PROBLEM TO WORK ON:
The required output is a verbatim transcription of the listing, pictures excluded.

EXERCISE DATA:

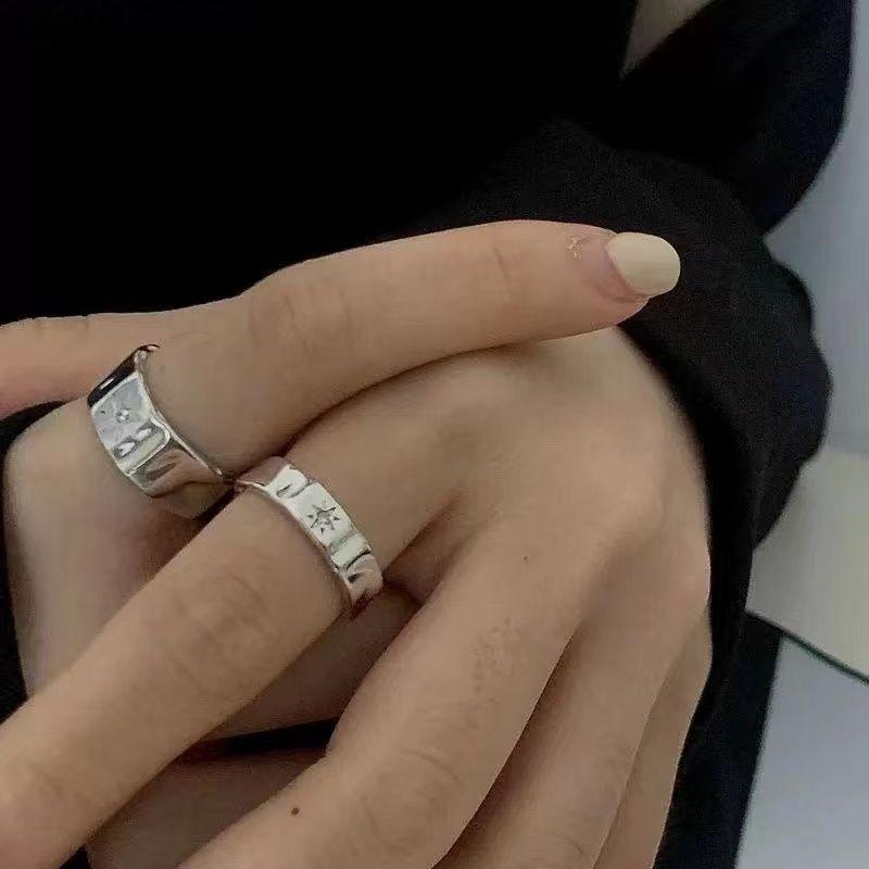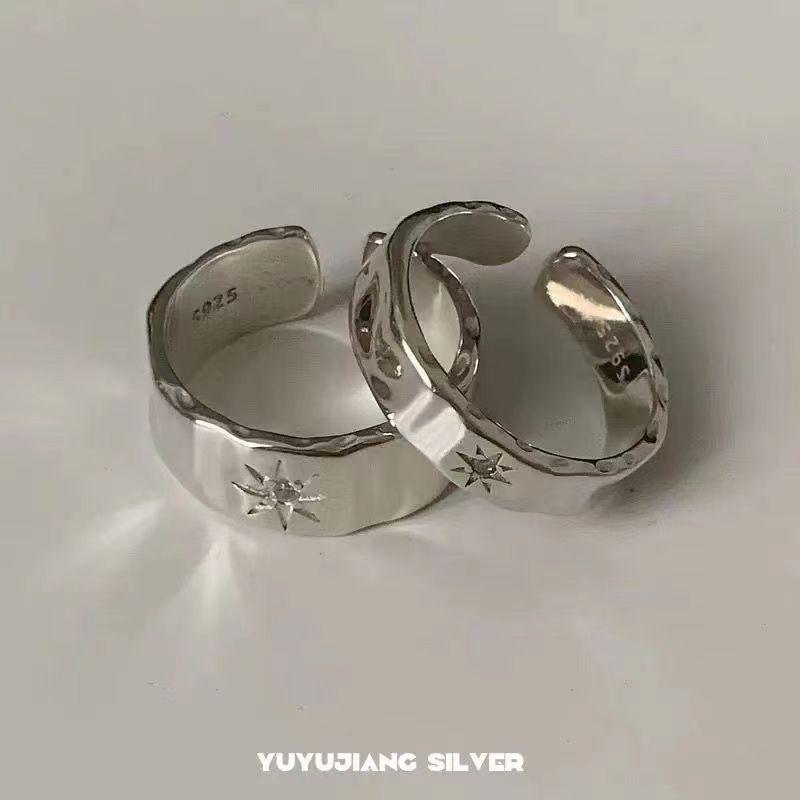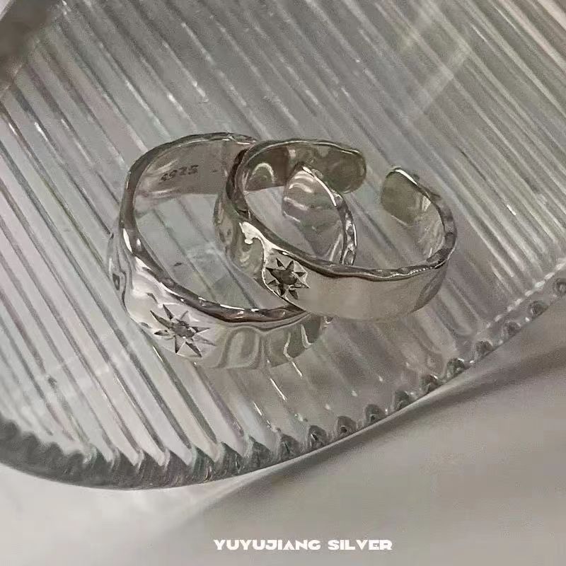 Silver starburst ring—wide style, Silver starburst ring—narrow style, Silver starburst ring—pair, Twin knot me...
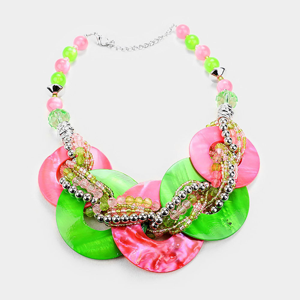 Details • Necklace Size : 17" + 3" L • Decor Size : 2.25" L • Earring Size : 1.5" L • Make a bold impression with this layered beaded statement necklace and matching earrings set. Designed with oversized circular accents and mixed bead strands, it adds vibrant energy and artistic flair to any outfit, perfect for elevating casual or evening looks effortlessly. • Lead and Nickel Compliant
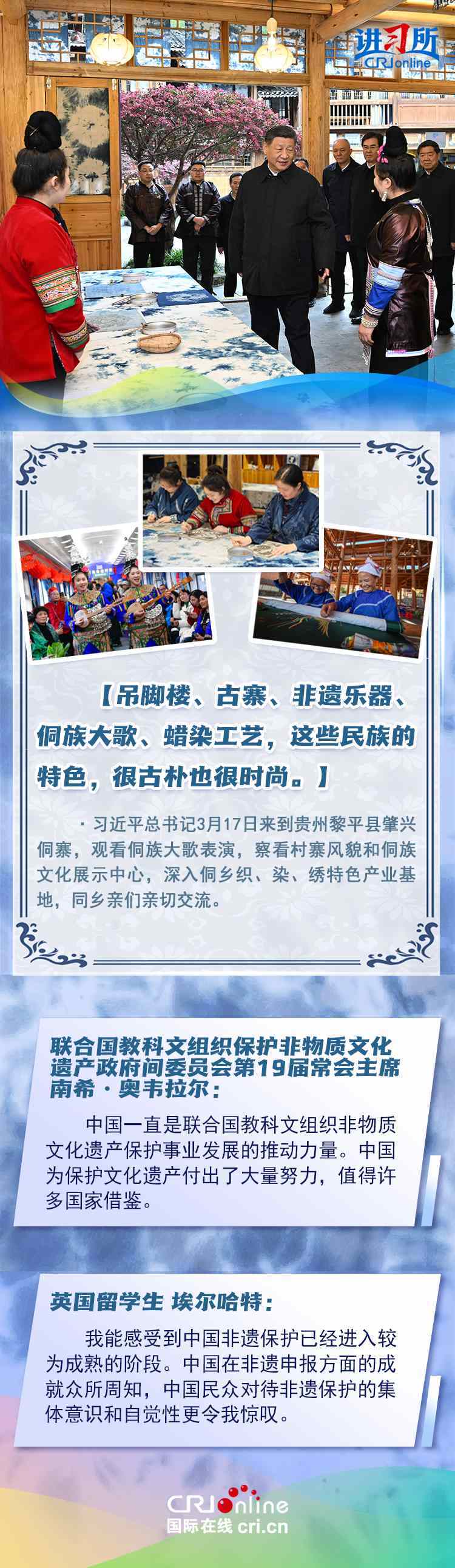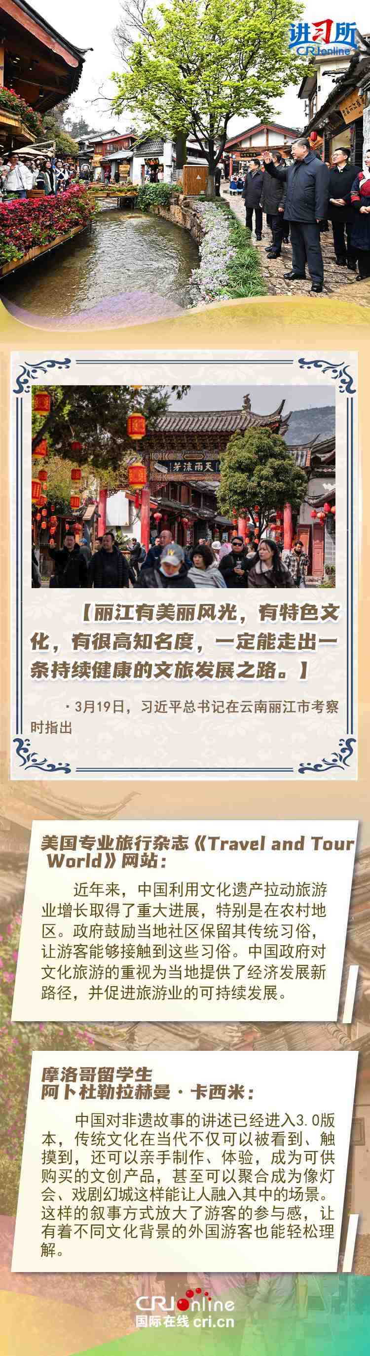 習近平總書記近日赴貴州、云南考察。他走進民族特色村寨、歷史文化古城,心系歷史文化遺產(chǎn)保護和文旅融合發(fā)展。習近平特別叮囑當?shù)毓賳T和群眾,既要保護有形的村落、民居、特色建筑風貌,傳承無形的非物質文化遺產(chǎn),又要推動其創(chuàng)造性轉化、創(chuàng)新性發(fā)展。

ANSWER BELOW:
 Silver starburst ring—wide style, Silver starburst ring—narrow style, Silver starburst ring—pair, Twin knot me...
 Details • Necklace Size : 17" + 3" L • Decor Size : 2.25" L • Earring Size : 1.5" L • Make a bold impression with this layered beaded statement necklace and matching earrings set. Designed with oversized circular accents and mixed bead strands, it adds vibrant energy and artistic flair to any outfit, perfect for elevating casual or evening looks effortlessly. • Lead and Nickel Compliant
 習近平總書記近日赴貴州、云南考察。他走進民族特色村寨、歷史文化古城,心系歷史文化遺產(chǎn)保護和文旅融合發(fā)展。習近平特別叮囑當?shù)毓賳T和群眾,既要保護有形的村落、民居、特色建筑風貌,傳承無形的非物質文化遺產(chǎn),又要推動其創(chuàng)造性轉化、創(chuàng)新性發(fā)展。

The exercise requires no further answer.